== Task objective ==
Pictures excluded, set down exactly the lines from the one containing "ステーキ店、すき焼き店、松坂" through the final line of the material, and only those.

== Data block ==

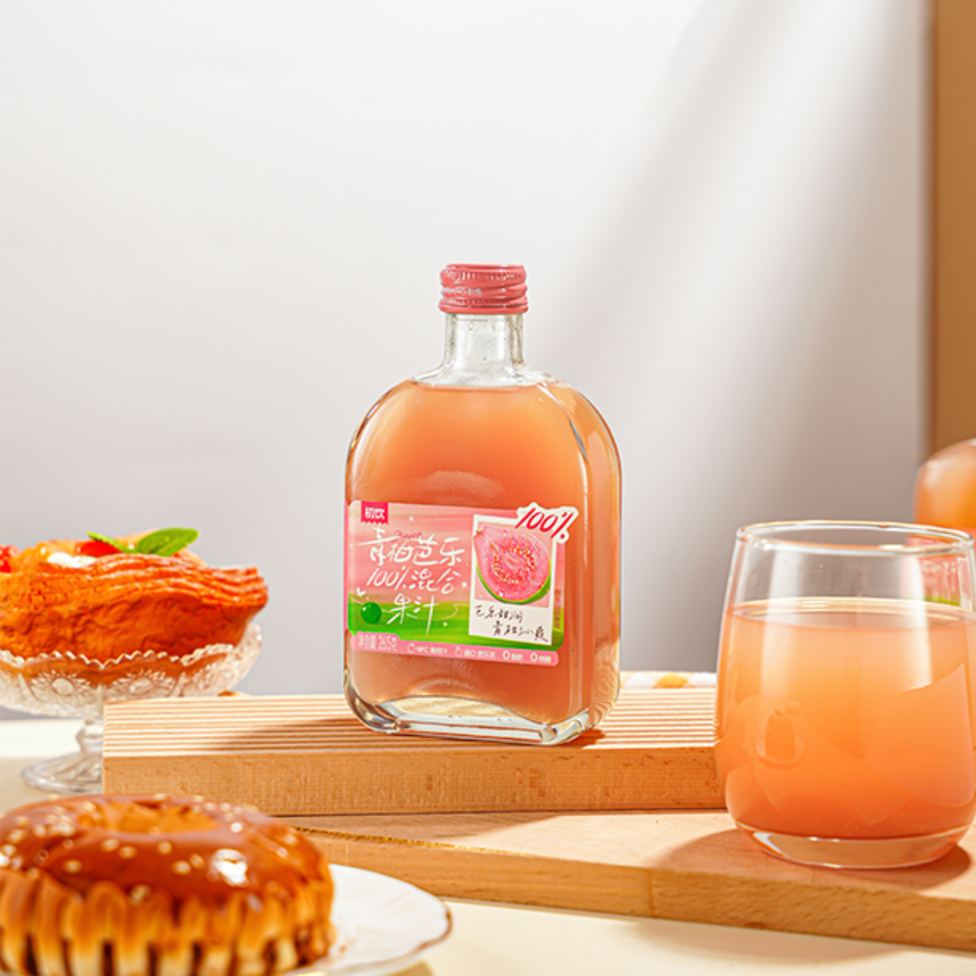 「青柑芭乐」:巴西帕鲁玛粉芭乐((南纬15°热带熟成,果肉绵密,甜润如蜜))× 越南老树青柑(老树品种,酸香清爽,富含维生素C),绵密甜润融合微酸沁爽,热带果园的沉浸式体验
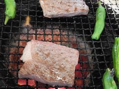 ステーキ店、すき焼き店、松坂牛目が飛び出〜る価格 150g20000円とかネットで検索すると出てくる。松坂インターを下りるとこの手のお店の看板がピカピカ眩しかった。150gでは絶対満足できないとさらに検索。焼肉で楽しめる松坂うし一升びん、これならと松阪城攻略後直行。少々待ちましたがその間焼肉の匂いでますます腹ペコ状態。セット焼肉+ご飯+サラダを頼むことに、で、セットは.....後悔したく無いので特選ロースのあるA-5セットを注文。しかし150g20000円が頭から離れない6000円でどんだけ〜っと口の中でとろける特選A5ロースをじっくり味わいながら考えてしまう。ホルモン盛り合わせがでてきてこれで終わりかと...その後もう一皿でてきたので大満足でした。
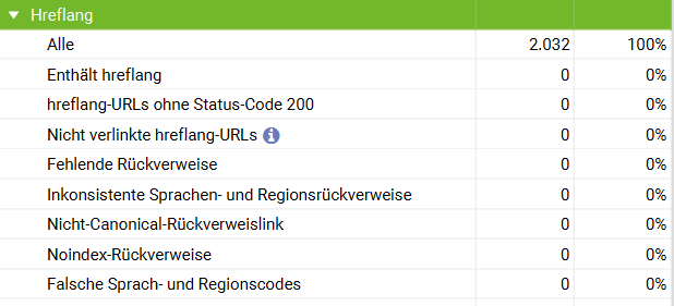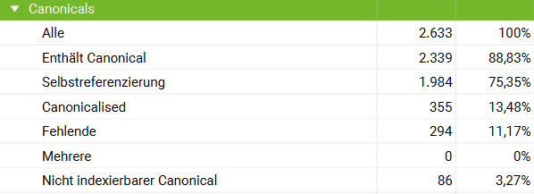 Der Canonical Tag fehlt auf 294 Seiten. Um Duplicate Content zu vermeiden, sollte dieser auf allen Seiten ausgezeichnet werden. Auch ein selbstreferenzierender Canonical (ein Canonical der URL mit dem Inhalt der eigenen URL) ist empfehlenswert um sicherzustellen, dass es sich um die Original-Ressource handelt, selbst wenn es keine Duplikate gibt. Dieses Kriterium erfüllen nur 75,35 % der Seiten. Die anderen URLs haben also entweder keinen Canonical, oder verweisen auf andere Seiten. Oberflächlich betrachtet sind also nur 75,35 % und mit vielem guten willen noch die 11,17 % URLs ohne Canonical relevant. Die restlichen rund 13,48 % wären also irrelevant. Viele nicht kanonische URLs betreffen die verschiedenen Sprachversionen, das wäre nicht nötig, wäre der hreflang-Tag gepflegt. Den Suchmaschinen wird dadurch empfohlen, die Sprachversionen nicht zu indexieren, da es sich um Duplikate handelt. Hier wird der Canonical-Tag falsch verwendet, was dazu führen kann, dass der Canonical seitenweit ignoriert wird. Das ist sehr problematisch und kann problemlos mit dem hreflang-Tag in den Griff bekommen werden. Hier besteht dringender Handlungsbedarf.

== Answer area ==
 ステーキ店、すき焼き店、松坂牛目が飛び出〜る価格 150g20000円とかネットで検索すると出てくる。松坂インターを下りるとこの手のお店の看板がピカピカ眩しかった。150gでは絶対満足できないとさらに検索。焼肉で楽しめる松坂うし一升びん、これならと松阪城攻略後直行。少々待ちましたがその間焼肉の匂いでますます腹ペコ状態。セット焼肉+ご飯+サラダを頼むことに、で、セットは.....後悔したく無いので特選ロースのあるA-5セットを注文。しかし150g20000円が頭から離れない6000円でどんだけ〜っと口の中でとろける特選A5ロースをじっくり味わいながら考えてしまう。ホルモン盛り合わせがでてきてこれで終わりかと...その後もう一皿でてきたので大満足でした。
 Der Canonical Tag fehlt auf 294 Seiten. Um Duplicate Content zu vermeiden, sollte dieser auf allen Seiten ausgezeichnet werden. Auch ein selbstreferenzierender Canonical (ein Canonical der URL mit dem Inhalt der eigenen URL) ist empfehlenswert um sicherzustellen, dass es sich um die Original-Ressource handelt, selbst wenn es keine Duplikate gibt. Dieses Kriterium erfüllen nur 75,35 % der Seiten. Die anderen URLs haben also entweder keinen Canonical, oder verweisen auf andere Seiten. Oberflächlich betrachtet sind also nur 75,35 % und mit vielem guten willen noch die 11,17 % URLs ohne Canonical relevant. Die restlichen rund 13,48 % wären also irrelevant. Viele nicht kanonische URLs betreffen die verschiedenen Sprachversionen, das wäre nicht nötig, wäre der hreflang-Tag gepflegt. Den Suchmaschinen wird dadurch empfohlen, die Sprachversionen nicht zu indexieren, da es sich um Duplikate handelt. Hier wird der Canonical-Tag falsch verwendet, was dazu führen kann, dass der Canonical seitenweit ignoriert wird. Das ist sehr problematisch und kann problemlos mit dem hreflang-Tag in den Griff bekommen werden. Hier besteht dringender Handlungsbedarf.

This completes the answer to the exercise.